The dueling candidates may not agree on much, but they both see a populace contemplating the upcoming election while teetering on a knife’s edge. In accepting his party’s nomination last month, Mr. Biden put it this way: “All elections are important. But we know in our bones this one is more consequential. America is at an inflection point. A time of real peril, but of extraordinary possibilities. We can choose the path of becoming angrier, less hopeful, and more divided. A path of shadow and suspicion. Or we can choose a different path, and together, take this chance to heal, to be reborn, to unite.”

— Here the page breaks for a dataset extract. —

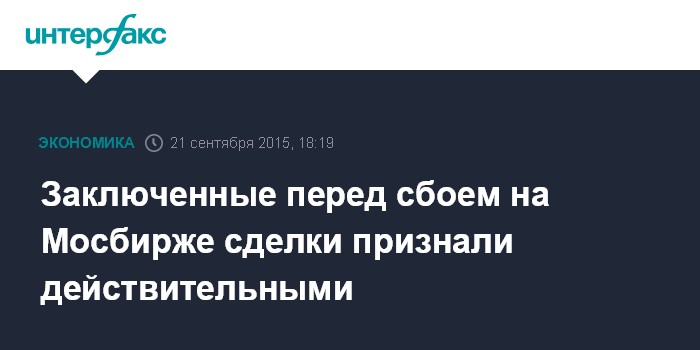 Москва. 21 сентября. INTERFAX.RU - Сделки, заключенные в ходе торгов Московской биржи до сбоя в понедельник, 21 сентября, оформлены в соответствии с правилами торгов и являются действительными, говорится в сообщении биржи.
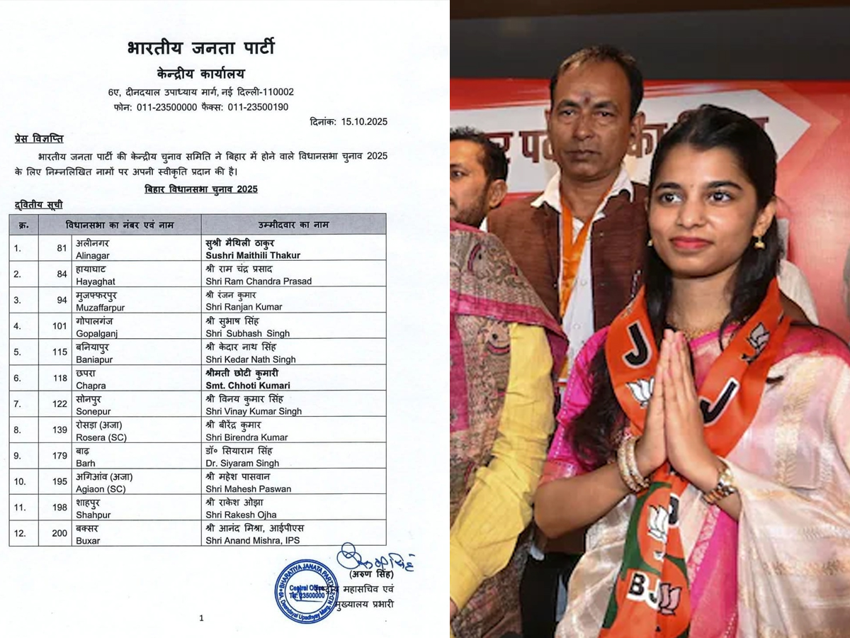 The Bharatiya Janata Party (BJP) on Wednesday released its second list of 12 candidates for the Bihar Assembly Elections 2025. The list includes singer Maithali Thakur, who will contest from the Alinagar constituency.

In his acceptance speech on Thursday, President Trump also described the consequential nature of the contest: “At no time before have voters faced a clearer choice between two parties, two visions, two philosophies or two agendas,” he said. “This election will decide whether we will defend the American way of life, or whether we allow a radical movement to completely dismantle and destroy it.”
It has become a quadrennial custom to hear that an approaching presidential election “is the most critical one of our lifetimes.” In 2020, Americans certainly believe it to be the case. In fact, more voters contend the current battle for the White House is the most momentous than at any time during the past 20 years, according to a recent Pew Research Center survey.
Of registered voters, 83% agree that the election outcome “really matters” this election cycle. Only 16% say things won’t change very much whether President Trump is re-elected or Mr. Biden prevails on his third try. And while partisans would discover a reason to argue over the weather on a cloudless day, Pew found members of the two major parties equally concerned over the presidential contest.
Previously, voters had considered the 2016 campaign between Donald Trump and Hillary Clinton the epitome of pugnacity. Then, 74% claimed the future would pivot on the Election Night count, while 22% more or less shrugged off its significance.
It wasn’t long ago when it seemed most Americans agreed with former Alabama Gov. George Wallace when, spurned by his own Democratic Party in 1968, he ran for president as an independent on the idea that “there’s not a dime’s worth of difference between the two major parties.” Now, politics is war by other means, and to the victor belongs the Oval Office.
Many millennials, in particular, may have misspent their youth thumbing the controls of video games like Grand Theft Auto, where they act out the role of a ne’er do well who hijacks innocent citizens, dragging them from their cars and beating them before driving off with police in pursuit. It is primarily the young and restless whose real-life malice is illuminated by America’s burning cities. And it is among them that angry agitators are concealed while using the latest episode of national racial recrimination to foment their nihilistic revolution.
Still, no generation is immune from the seething effects on the soul of televised depravity, and too many admit to reacting to the defeat of their candidate with their own form of fury. A full 61% of Biden supporters tell Pew that they expect to find themselves angry if Mr. Trump is re-elected, with another 37% saying they would be merely disappointed. Conversely, only 37% of Trump supporters reckon they will be indignant if Mr. Biden prevails, and 59% imagine they will be downcast.
The 2020 presidential campaign has commenced and set to take Mr. Trump to all points of the compass and, for Mr. Biden, to every corner of his basement. Facing a point of no return, America matters. Whether the sun will still rise on “the land of the free” is a matter of choice.